REPUBLIKA.CO.ID, JAKARTA-- Anggota Komisi III dari Fraksi Partai Keadilan Sejahtera (PKS), Al Muzammil Yusuf mengatakan Menteri Hukum dan HAM (menkumham) yang baru, Yasonna Hamonangan Laoly telah melakukan blunder. Hal ini terkait dengan Surat Ketetapan (SK) Menkumham terkait pengakuan salah satu kubu dalam konflik internal Partai Persatuan Pembangunan (PPP).
"Jadi SK Menkumham ini blunder," katanya kepada Republika, Rabu (29/10).
Ia mengatakan jika salah satu kubu di partai politik yang bertikai tidak puas dengan putusan Mahkamah Partai, mereka dapat mengajukan gugatan ke pengadilan negeri sampai MA. Jadi, tegas Muzzammil, tidak boleh ada intervensi Pemerintah dalam hal ini Menkumham dalam urusan konflik internal Partai Politik.
Menurutnya pimpinan DPR tidak bisa menjadikan SK yang dikeluarkan Yasonna sebagai dasar dalam pengambilan keputusan di DPR. Ia menyarankan agar Menkumham mempelajari risalah sidang pembahasan UU Partai Politik.
"Saya waktu itu ikut sebagai anggota Panja UU Partai Politik.
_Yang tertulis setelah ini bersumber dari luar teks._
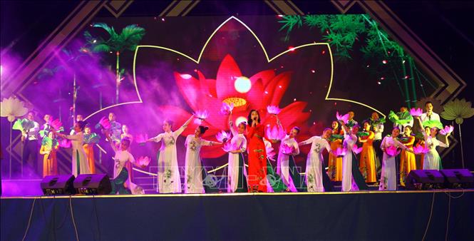 | Một tiết mục văn nghệ đặc sắc được biểu diễn tại đêm khai mạc Lễ hội Làng Sen 2019. (Ảnh: Tá Chuyên/TTXVN) |
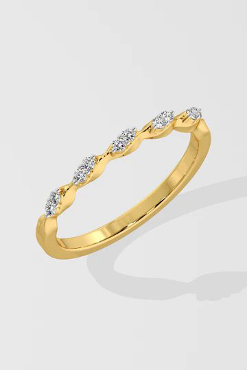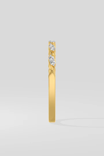 The Petal Ring is a nature-inspired ring featuring delicate petals adorned with two 0.01 pointer diamonds each, creating an elegant and graceful floral effect. Its dainty design captures the essence of refined beauty.
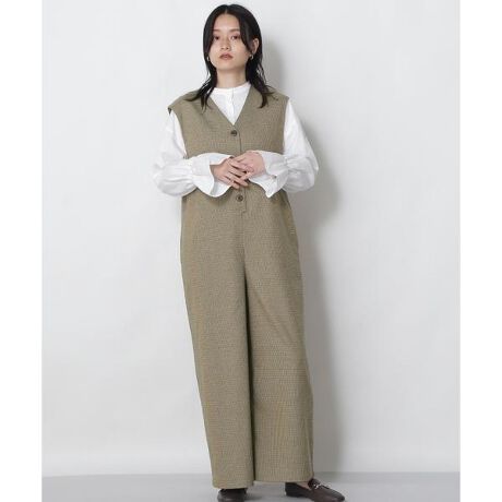 チェック柄のコンビネゾンは、細かな千鳥柄で子供っぽくなり過ぎないのがポイント。ゆったりとしたシルエットで、リラックス感たっぷりな着心地が楽しめます。※モデルの着用画像の場合、光の当たり具合により、実際の色味と異なって見えることがございます。色味は、商品単体の画像をご参照ください。

Sejarah munculnya Mahkamah Partai adalah belajar dari konflik PKB Gus Dur dan Cak Imin. Waktu itu kita bersepakat yang boleh menyelesaikan konflik hanya internal partai. Pemerintah tidak boleh intervensi," paparnya.
Sedangkan penentu akhir, jelasnya, adalah pengadilan yang keputusannya harus merujuk dan memperkuat kewenangan Mahkamah Partai sesuai dengan UU. Jadi bukan kewenangan Menkumham untuk tentukan kepengurusan yang sah suatu kepengurusan dalam konflik internal partai politik.
SK Menkumham ini, nilainya, sarat muatan politik dan tidak profesional dalam menjalankan amanah UU. SK itu menunjukkan beliau belum pelajari secara mendalam UU Parpol dan 8 Putusan Mahkamah PPP dalam menyelesaikan konflik internalnya.
"Saya harap Pak Laoly dapat menjaga kredibilitas dan kepercayaan yang telah diberikan Pak Jokowi," ujarnya.